Trim the green beans. Bring a large pot of water to a boil. Prepare a large bowl of ice water.
Blanch the beans: Add the beans to the boiling water and cook for 3 to 4 minutes (or 4 to 5 minutes for standard green beans)*, until tender but still crisp. Right when the beans are tender, remove them from the boiling water with tongs and transfer them to the bowl of ice water. Once cool, drain and pat them dry on a clean dish cloth. (You can blanch the beans up to 3 days in advance and refrigerate until completing Step 3.)

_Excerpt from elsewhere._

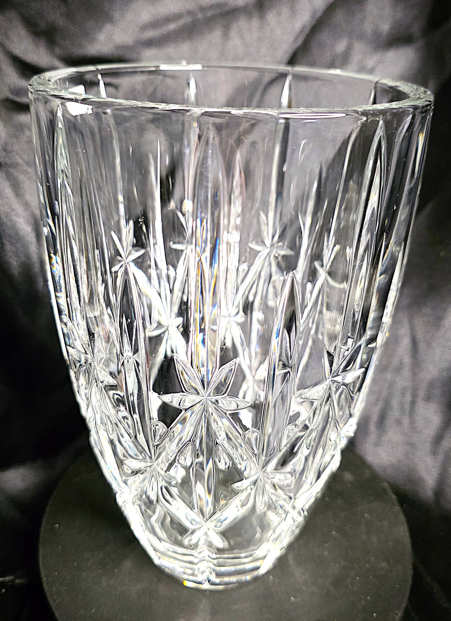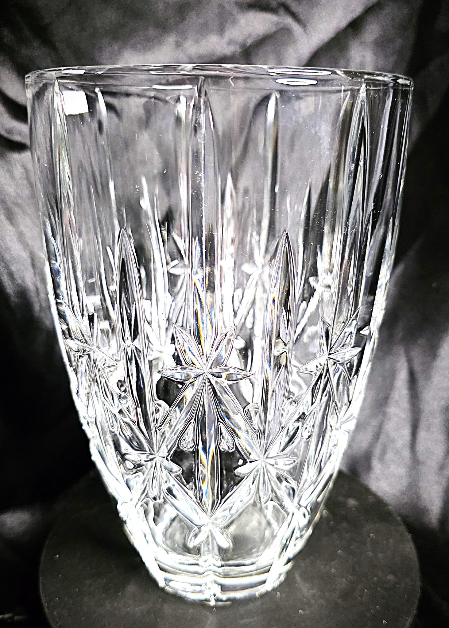 A true celebration of light, craftsmanship, and refined European artistry, this Marquis by Waterford crystal vase captures the eye with its tall vertical cuts, radiant starburst medallions, and the unmistakable brilliance that has made Waterford a household name among collectors for generations. Standing at approximately 9.5 inches tall, the vase carries a sculptural, architectural presence—its faceted panels refract light into a dance of fire and clarity, while the star-form motifs add dimension, depth, and unmistakable elegance.
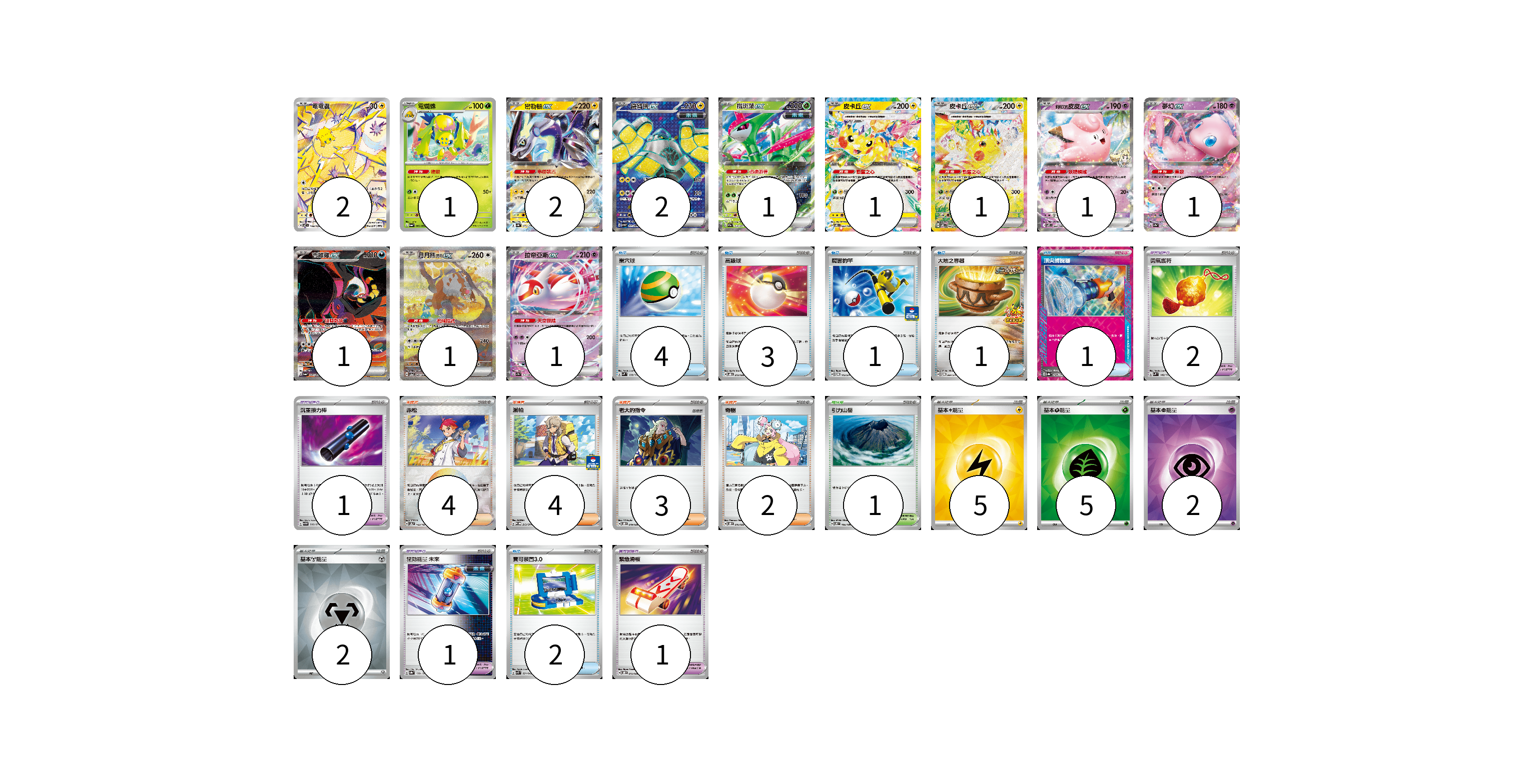 牌組構築方案 以此牌組為基礎新構築牌組 顯示卡面 顯示列表 寶可夢卡(15) 2 1 2 2 1 1 1 1 1 1 1 1 寶可夢道具(5) 2 1 1 1 物品卡(12) 4 3 1 1 1 2 支援者卡(13) 4 4 3 2 競技場卡(1) 1 能量卡(14) 5 5 2 2 寶可夢卡(15) 卡牌名稱 張數 卡牌名稱 張數 電電蟲 SV7 108/102 02 電蜘蛛 SV6a 002/064 01 密勒頓ex SV4a 071/190 02 鐵臂膀ex SV4M 079/066 02 鐵斑葉ex SV5M 016/071 01 皮卡丘ex SV8 033/106 01 皮卡丘ex SV8 132/106 01 莉莉艾的皮皮ex SV9 033/100 01 夢幻ex SV2a 151/165 01 吉雉雞ex SV6a 089/064 01 月月熊 赫月 ex SV5a 091/066 01 拉帝亞斯ex SV7a 019/064 01 寶可夢道具(5) 卡牌名稱 張數 卡牌名稱 張數 勇氣護符 SVM 142/175 02 沉重接力棒 SV5M 066/071 01 驅勁能量 未來 SV8a 158/187 01 緊急滑板 SVOD 015/020 01 物品卡(12) 卡牌名稱 張數 卡牌名稱 張數 巢穴球 SVM 133/175 04 高級球 SVOD 012/020 03 厲害釣竿 SV-P 112/SV-P 01 大地之容器 SV-P 084/SV-P 01 頂尖捕捉器 SV8a 148/187 01 寶可裝置3.0 SVK 021/042 02 支援者卡(13) 卡牌名稱 張數 卡牌名稱 張數 赤松 SV8a 163/187 04 派帕 SV-P 213/SV-P 04 老大的指令 SVOD 019/020 03 奇樹 SVOD 016/020 02 競技場卡(1) 卡牌名稱 張數 卡牌名稱 張數 引力山岳 SV8 106/106 01 能量卡(14) 卡牌名稱 張數 卡牌名稱 張數 基本【雷】能量 SVM LIG 05 基本【草】能量 SVM GRA 05 基本【超】能量 SVM PSY 02 基本【鋼】能量 SVM MET 02 以此牌組為基礎新構築牌組 牌組編碼 eqLgCa-pyKHVz-iuEJRM copy 列印牌組單 牌組編碼已複製 分享至SNS

Cook the beans: In a medium skillet, heat the butter over medium heat. Add the sliced almonds and cook for 30 seconds until fragrant but not yet browned. Add the dried green beans and salt and cook for 2 to 3 minutes until warmed through and almonds are lightly browned. Add the garlic and cook 1 minute more, until the garlic is fragrant. Remove from the heat and stir in the lemon zest. Taste and add a few more pinches salt if necessary.
Notes
French green beans vs. standard: Haricots verts are thinner and more tender. Standard green beans (string beans) work, just blanch them 4 to 5 minutes instead.
Shallots: Add a finely minced shallot with the garlic to add a subtle sweetness.
Almonds: Sliced almonds toast more evenly, but slivered almonds work too. For a nut-free version, use sunflower seeds or pepitas.
Make ahead: Blanch beans up to 3 days in advance and refrigerate until ready to finish in the skillet.
Dairy-free/vegan: Use olive oil or plant-based butter.